Re: Inductance Calculations for iron core

Tesla List wrote:

> Original Poster: "Coiler" <mycroft-at-access1-dot-net>
> What I am looking for is a guesstimate, or even the formulas to compute
> the inductance knowing the approximate cross section area. My plan is to use
> a bunch of rebar tie wire I have here, cut to about 20" lengths, to fill
> a 2" PVC pipe. This would give me an open core with about a 1.6 square inch
> cross section.
> Estimated inductance per turn would be best, I'll probably use #10 THNN wire
> for about 6 TPI. (roughly 110 turns end to end)
> The OD of the PVC is actually 2.4" if that helps.
> (and if someone could refresh me on the formula for reactance, I wouldn't
> complain
> either :) )
> Thanks!
> Michael Baumann
> Coiler, Homebrewer, Nerd. mycroft-at-access1-dot-net


I built a few test coils, before building an induction coil of roughly the size
you are suggesting.  I found I could wind a much smaller test coil, and
extrapolate the results.  I didn't know that at the time (or didn't believe the
text books).  The following data is from my full-sized test coil:

My induction coil has a 1.77 square inch, cross-section area, 18" long.  The
wire I used for a core, yielded an Inductance of  about .203 micro henries per
turn (squared) and an impedance of 76.6 micro ohms per turn squared (at 60 HZ).

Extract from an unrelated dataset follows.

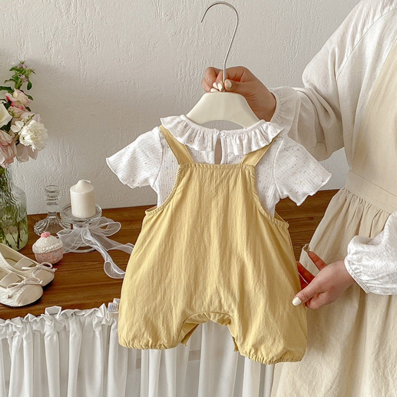 【66-90cm】セットアップ サロペット&Tシャツ ベビー 女の子 フリル襟 大きめポケット
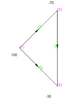 El análisis de la red se realiza partiendo de la técnica de programación mediante una búsqueda en profundidad. En primer lugar se necesita conocer cuál es el conjunto de conexiones existentes entre las tuberías que conforman la red; por ejemplo, en una red sencilla de tres tuberías tal como se muestra en la Figura 14, se tiene el flujo externo en los nodos 1, 2 y 3 con valores de 100, -30 y -70 [m3/h] respectivamente, el valor positivo indica que el flujo entra a la red y el valor negativo que sale de la misma.

Inductance (and Impedance) goes up in proportion to the core cross-sectional
area.  Increase the area by a factor of two, you increase the inductance by a
factor of two.

Inductance (and Impedance) goes up in proportion of the SQUARE of the turns.
Double the turns, you quadruple the Inductance.

My test coil had 354 turns of wire around the core bundle and an inductive
reactance of 9.61 ohms at sixty cycles.  That was at 6.23 amps with 60 volts
across the coil, for a total of 1,582 ampere-turns.

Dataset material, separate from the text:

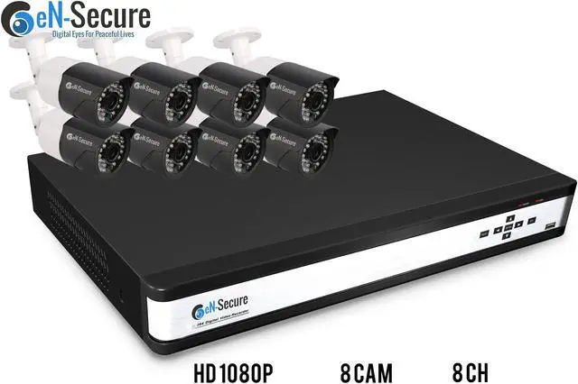 eN-Secure 8 Channel NVR IP Surveillance System, 8 Bullet and 0 Dome 2MP Night Vision indoor/outdoor Full HD 1080P Cameras, No HDD pre-installed, Smart Phone Compatibility.

In power inductors, with iron cores, the inductance peaks at some flux density.
The impedance with the test coil was 5.5 ohms at .20 amps, 8.3 ohms at 1.34
amps, and 9.61 ohms at 6.23 amps.  At higher currents the impedance begins to
fall slightly.  At 8.45 amps, the impedance was 9.53 ohms.

An inductance bridge won't give accurate results unless it is pumping
current through the inductance under test (that rules out hand-held LCR
multi-testers).  As more current is forced through the coil, the iron begins to
saturate and impedance starts dropping again.

As the coil gets warm, its resistance rises, causing the impedance to rise
(something to watch out for when testing).  When checking current with a
clamp-on ammeter, keep the meter several feet from the coil under test.  Leave
about one diameter of core sticking out of either end of the coil.  Multiple
layers of turns, versus one layer, don't really affect the results of the
calculations (within reason).  For all practical purposes, the resistance
of the
wire will be insignificant compared to the inductive reactance.

It would be better to decrease the wall-thickness of the tubing you wind your
coil around.  If I understand you correctly, you will have an outside diameter
of 2.4 inches and about 1.5 inches inside diameter (for core material).
You can
lower your wire cost by close to 40% by using a thin-wall tube or wrapping the
core bundle with tape.  You will also minimize resistance losses and heating.
US Plastics has some thin walled tubing in a variety of sizes.

Inductive reactance = 2 pi (6.28)* frequency * inductance.

Inductance  = Inductive reactance (in ohms), divided by 6.28 * frequency.

Inductance is in henries, reactance in ohms, frequency in hertz.